The soufflé on another night was undercooked: runny instead of jiggly. The duck breast was tough, the salmon trio blunt-tasting without acidity or salt, the escargots desperately bland, the deep-fried goat cheese borek yearning for a bit of balance.

And it would be hard to overstate just how incompetent Ici's service can be. The first time I ate there, having reserved a week earlier, it took nearly 10 minutes of confusion just to be seated; when, after 25 minutes, I pleaded with a food runner to find somebody we could order drinks from, the first server she grabbed announced, "That's not my table." They were just three feet away from us at the time.

Mr. Challet became the hotel's executive chef when he signed on; he oversees not merely Ici's menu but also the hotel's all-day hotel and bar menus, a vegan menu, Sunday buffet brunch and a full Kosher offering. I don't know of many chefs who could do all that and maintain any level of quality. When I spoke with him this week he said he's aware of how much work is still ahead; the transition from 25-seat bistro to institutional kitchen has been difficult, it sounds. He works at the hotel just four days a week, meanwhile.

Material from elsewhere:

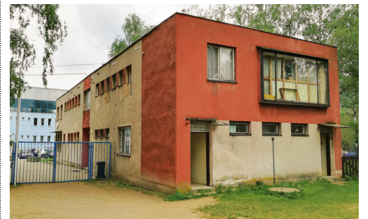
Ubytovna na Sportovním ostrově Ludvíka Daňka v Blansku.

Přestavbou tohoto objektu město získá zázemí pro činnost sportovních klubů, správu areálu sportovního ostrova, pro Českou unii sportu a v neposlední řadě i pro širokou veřejnost. » red

On Wednesday this week a middle-aged couple were just finishing their main courses as I arrived. They were tight lipped and unhappy-looking. They hardly spoke.

As one of them finished his plate, a server turned up with a long-awaited glass of wine. He'd wanted it 15 minutes earlier, he told her. The server left with the wine. You could see the frustration on the couple's faces.

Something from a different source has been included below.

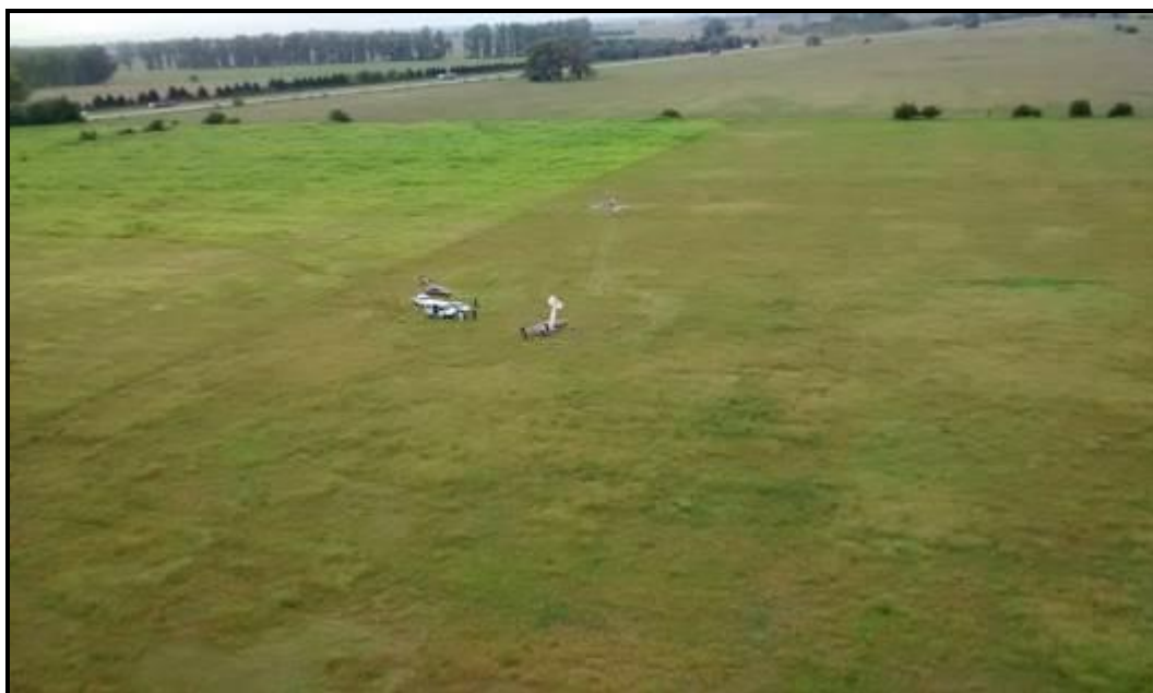
Fig. 2. Vista aérea del lugar del accidente, observando desde la vertical de la cabecera 34.

Las operaciones del Aeródromo Durana son estrictamente de acuerdo a las reglas de vuelo visual ( Visual Flight Rules , VFR) y deben ajustarse a lo establecido en la Sección 8, Anexo B del Manual de Aeródromos y Helipuertos (MADHEL) publicado por la ANAC, bajo Normas generales de operaciones en aeródromos ubicados debajo de Áreas de Control Terminal .

"This is the same place as on Harbord Street?" the man asked his partner.

I wished I could have warned them earlier.

No, it really is not.

No stars: Not recommended.

* Good, but won't blow a lot of people's minds.

** Very good, with some standout qualities.

*** Excellent, well above average with few caveats, if any.

**** Extraordinary, memorable, original with near-perfect execution.